This method was used to identify Cryptosporidium spp. oocysts in all fecal samples. After homogenizing each sample, a swab was used to prepare a smear on a glass slide, which dried for at least 24 h before MZN staining [28]: the smear was treated with methanol for one minute, then stained with three to four drops of fuchsin for ten minutes and finally washed in tap water; decolorization was done with 1% hydrochloric alcohol for 1–2 s, rinsed, and counterstained with 0.4% malachite green for 3 min, and finally rinsed in tap water. Slides were air-dried and examined under an optical microscope at 1000× magnification, using immersion oil, to search for Cryptosporidium spp. oocysts, with a nearly round shape (2–6 μm in diameter) and stained with fuchsin [28,29].

2.2.3. MERIFLUOR^® Cryptosporidium/Giardia—Direct Immunofluorescence (DIF)

The MERIFLUOR^® Cryptosporidium/Giardia kit (Meridian Bioscience, Inc., Cincinnati, OH, USA) utilizes DIF to detect Cryptosporidium spp. oocysts and Giardia spp. cysts in fecal samples. This procedure followed the protocols from Meridian Bioscience^® (2019) and previous research from Louro et al. [29,30]: briefly, filtered fecal material was applied to a DIF slide with a Pasteur pipette, ensuring no scratches occurred; this process was repeated for controls and other samples; after air-drying, detection reagent and counterstain were added, mixed, and incubated for 30 min in a humid chamber; the slide was then rinsed, excess buffer blotted, and mounting medium applied with a coverslip placed on top; finally, the slide was examined under an optical microscope, OLYMPUS BX50 (Olympus Corporation, Tokyo, Japan), with FITC filters at 100× and 200× total magnifications [29].

2.2.4. Adapted Spontaneous Sedimentation (ASSed)

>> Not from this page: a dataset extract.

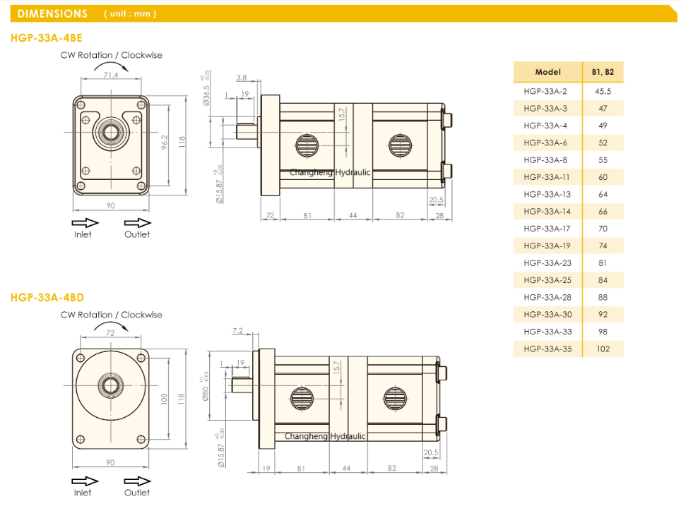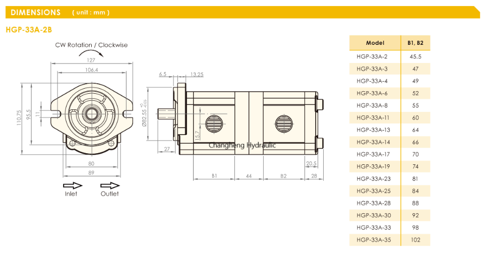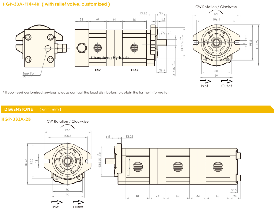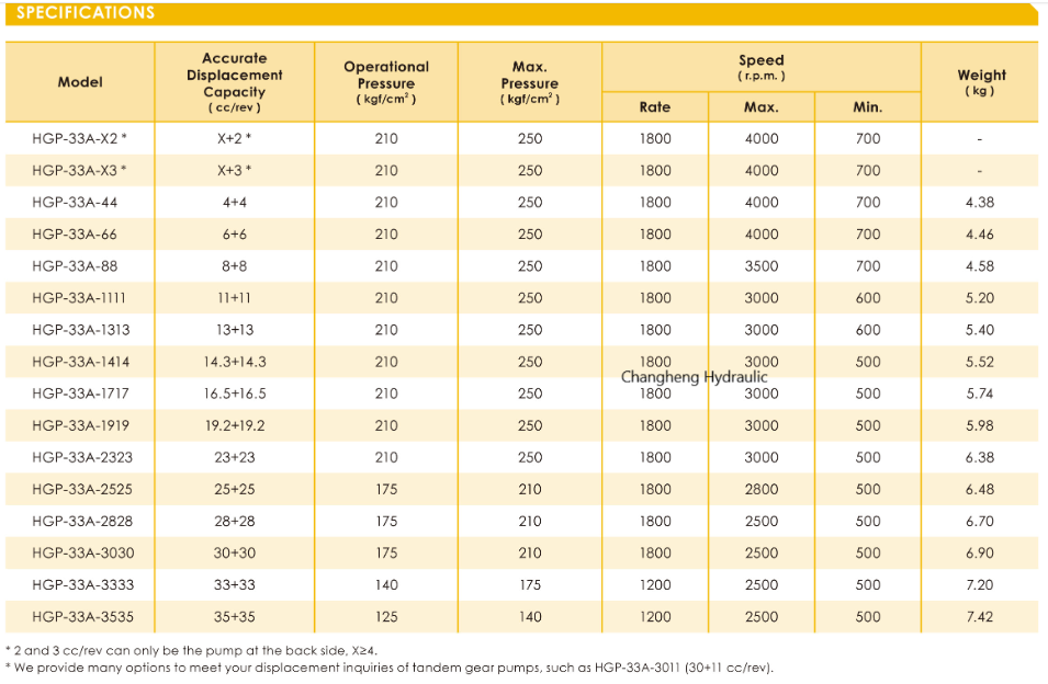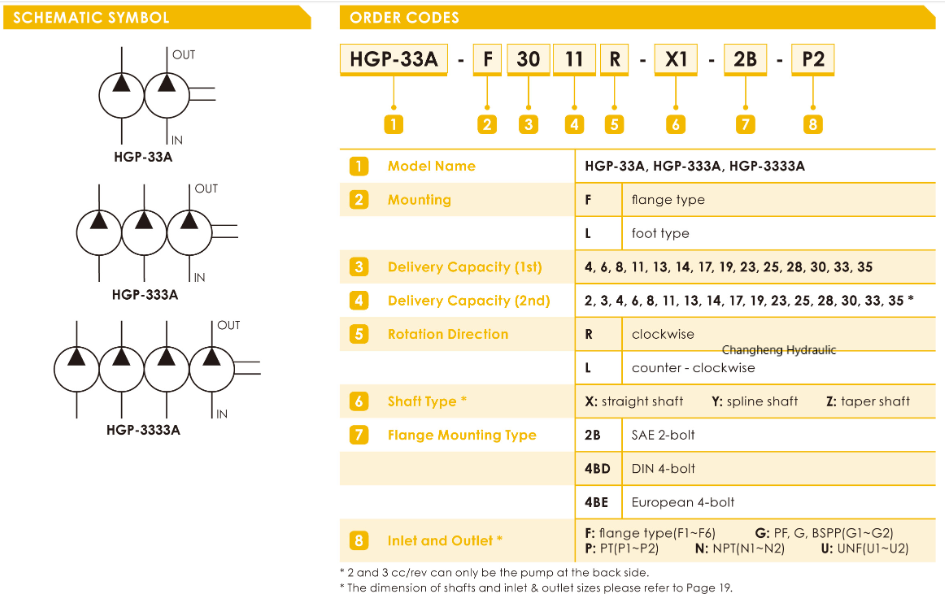 This series double gear pumps other models: HGP-33A-F22R-X-2B HGP-33A-F33R-X-2B HGP-33A-F44R-X-2B

After performing the remaining parasitological methods, the container holding each sample was washed with tap water, and the suspension was transferred to a conical beaker. Following suspension’s natural sedimentation, the supernatant was discarded and the water volume in the container was replenished. The suspension was allowed to sediment again. This procedure was repeated until the supernatant was clear and translucent. Finally, the clear supernatant was discarded, and the sediment was placed in a Petri dish for observation under a stereomicroscope, Olympus SZ30-ST (Olympus Corporation, Tokyo, Japan), at 9–40× magnifications [31].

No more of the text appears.